Sides are probably one of the most important factors in the holidays! Tasty sides help make up a successful holiday meal and I want to help you guys have that successful VEGAN meal!
I decided to go for two incredibly simple recipes that can cook at the same exact time if you’re looking to make more than one vegetable side. Both using ingredients that you most likely have on hand, and will take 35-40 minutes to make in total.
Brussel sprouts have easily become one of my favorite vegetables. As a kid I absolutely despised them (didn’t we all?), but now I cannot get enough. As brussel sprouts peak in October and are all over the place during this season, I thought it was the perfect vegetable to use for a holiday side dish.
Carrots are in season from the end of Summer through the Fall period. Roasted carrots specifically are so tasty especially when they caramelize due to the seasonings used. They are also a perfect pairing to brussel sprouts.

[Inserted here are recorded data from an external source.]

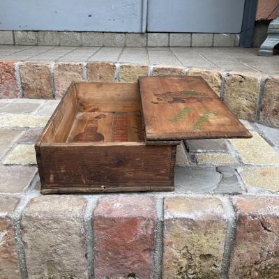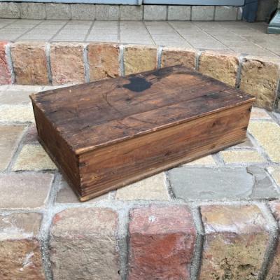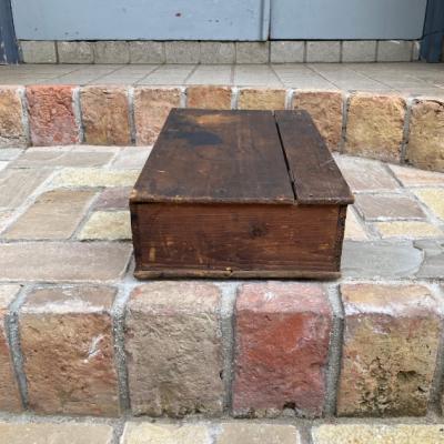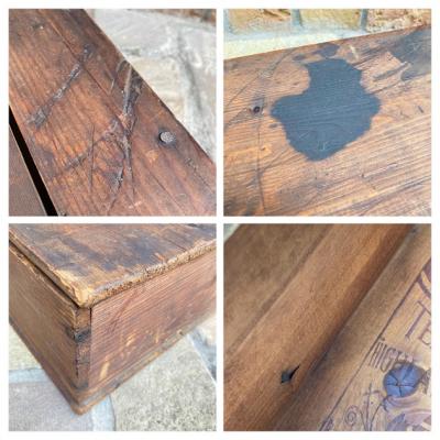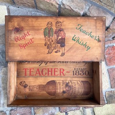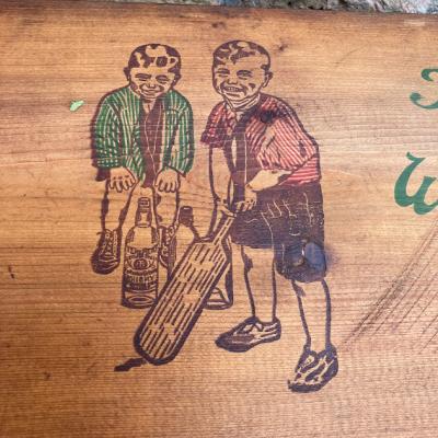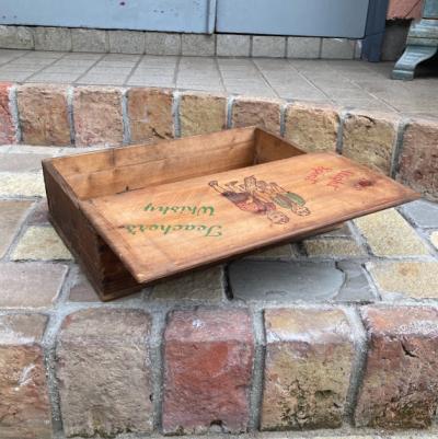 スコットランドウイスキーのボックス。外側は何の変哲もない古い箱ですが、フタを開けると可愛らしいイラストが満載で、内と外のギャップがたまらない商品です。フタにはクリケットを楽しむ男の子、底にはウイスキーのイラストが描かれています。側面には誰かが書き込んだ文字が入っていますが、アーティスティックな雰囲気で馴染んでいます。フタを開けてお部屋や店舗用のひと味違う収納兼ディスプレイ箱をお探しの方におすすめ。側面、内側ともに歴史を感じる雰囲気を残したいので軽く乾拭きのみ行っております。ピカピカの新品をお求めの方はご遠慮ください。福岡市南区の店舗にてお渡しもできますのでお気軽にどうぞ!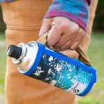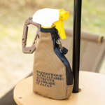 キャンプの必需品であるアルコールスプレーですが、ボトルの生活感が残念。でも、こんなジャケットを被せればテンションがあがります。しかもカラビナ付きで持ち運びも整理も簡単。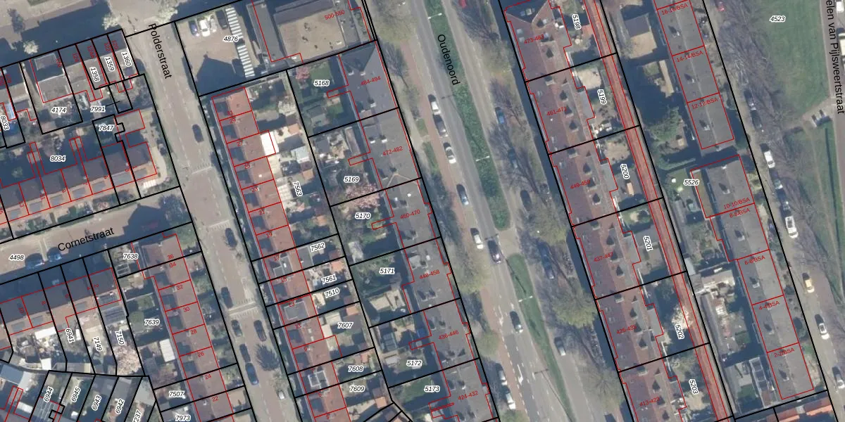 Het perceel waarop Oudenoord 468 staat heeft een oppervlakte van 342 m². Dit is een groot perceel. De perceeloppervlakte wordt geregistreerd door het Kadaster. Gedetailleerde informatie over de maten van dit perceel kunt u vinden in het rapport Kadastrale kaart met maatvoering van Oudenoord 468.
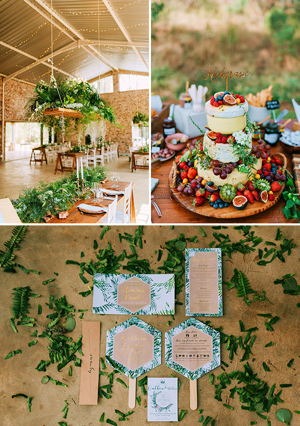 “Die troukoek en Tappas het my moeder vir ons so mooi bymekaar gebring. Die houers vir die sigare en kaasborde (vir die vrouens) het ons self gemaak. Die plekaanwysings wat teen ʼn ou houtdeur gedoen was, het ons self gedoen. Die Jenga-blokkies vir boodskappies en die X en O-speletjie het ons self gemaak.”
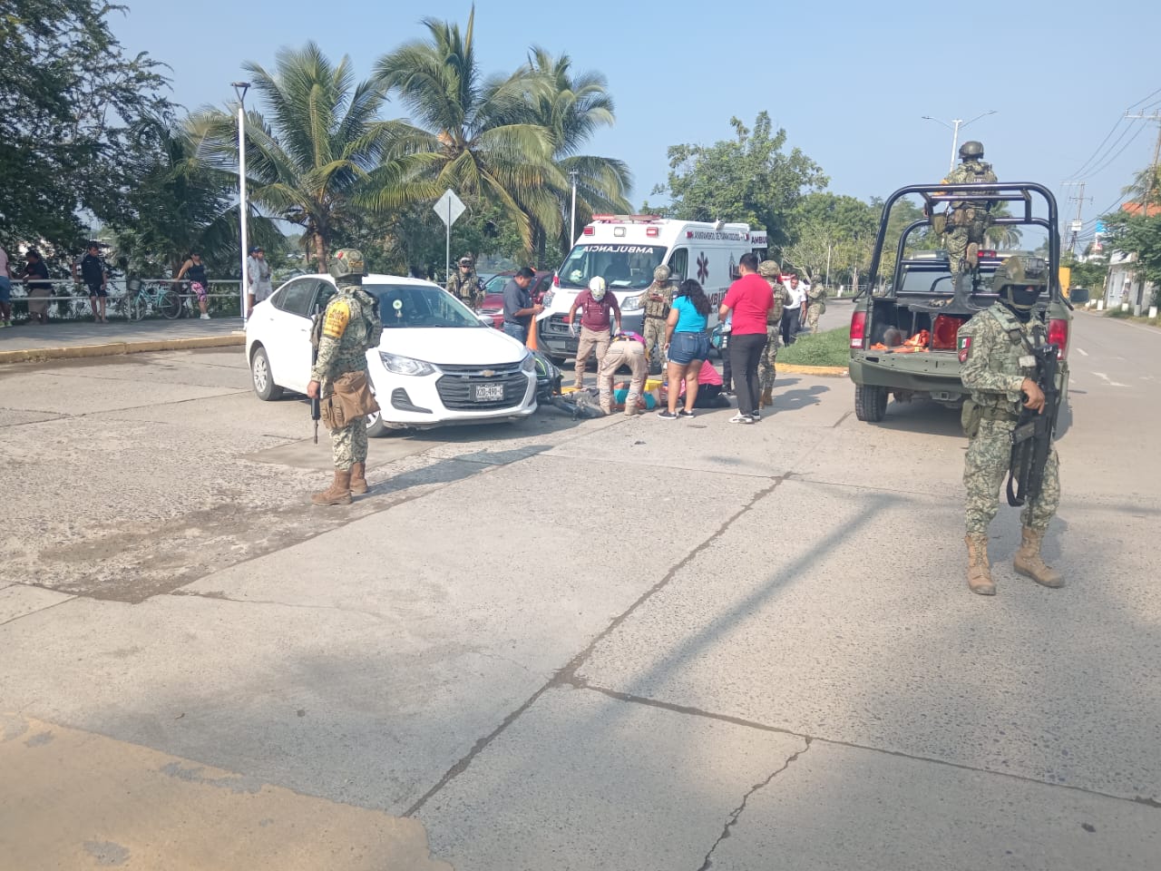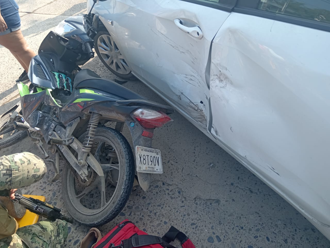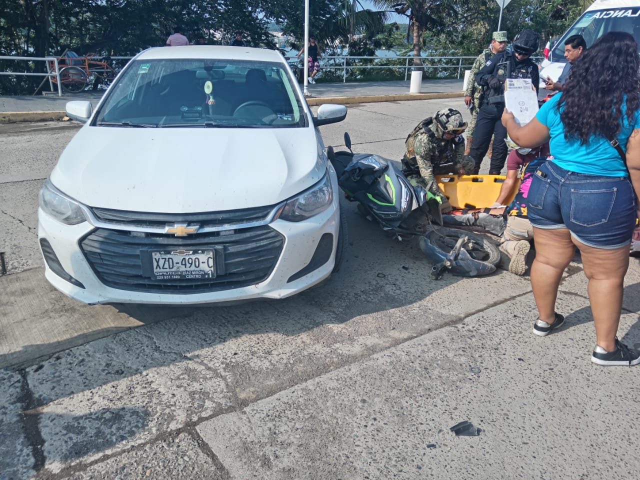 Del accidente tomó conocimiento la Policía Ministerial, quien arribó al sitio a bordo de una unidad Chevrolet Onix, color blanco, modelo 2023, con placas YRT-433-B del estado de Veracruz, acompañado de dos elementos más.

I hope you enjoy these two recipes and remember if you make it, tag me on Instagram @plantbasedjane so I can see!
- 1 1/2 Pounds Brussel Sprouts
- 2 Tablespoons Olive Oil
- 2 Tablespoons Lemon Juice
- 3 Garlic cloves, minced
- 1/2 Tsp Red Pepper Flakes
- 1/4 Tsp Onion Powder
- 1/4 Tsp Salt
- 1/4 Tsp Pepper
- 2 Pounds Carrots (Scrubbed or Peeled)*
- 1 1/2 Tablespoon Olive Oil
- 2 Tablespoons Maple Syrup
- 1/2 Tablespoon Grainy Mustard
- 1 Tablespoon Dijon Mustard
- 2 Tsp Soy Sauce (or Tamari)
- 1/2 Tsp Garlic Powder
- Pre-heat oven to 400 degrees Fahrenheit.
- Add all your ingredients to a baking dish or sheet and mix to combine.
- Cook for 30-35 minutes, mixing around with a wooden spoon every 15 minutes.
- Pre-heat oven to 400 degrees Fahrenheit.
- Put carrots in a baking dish or sheet
- Mix all seasoning ingredients in a small bowl and pour directly onto the carrots and mix around to coat all the carrots.
- Put in oven and let cook for 30-35 minutes - or until carrots are tender.
- *You want to purchase young carrots that still have their stems on. Cut off the stems leaving 1-2 inches of stem left on the carrot. If you cannot find young carrots, I would chop the carrots into quarter pieces and roast them. The time may vary so I would check every 10-15 minutes by tossing carrots.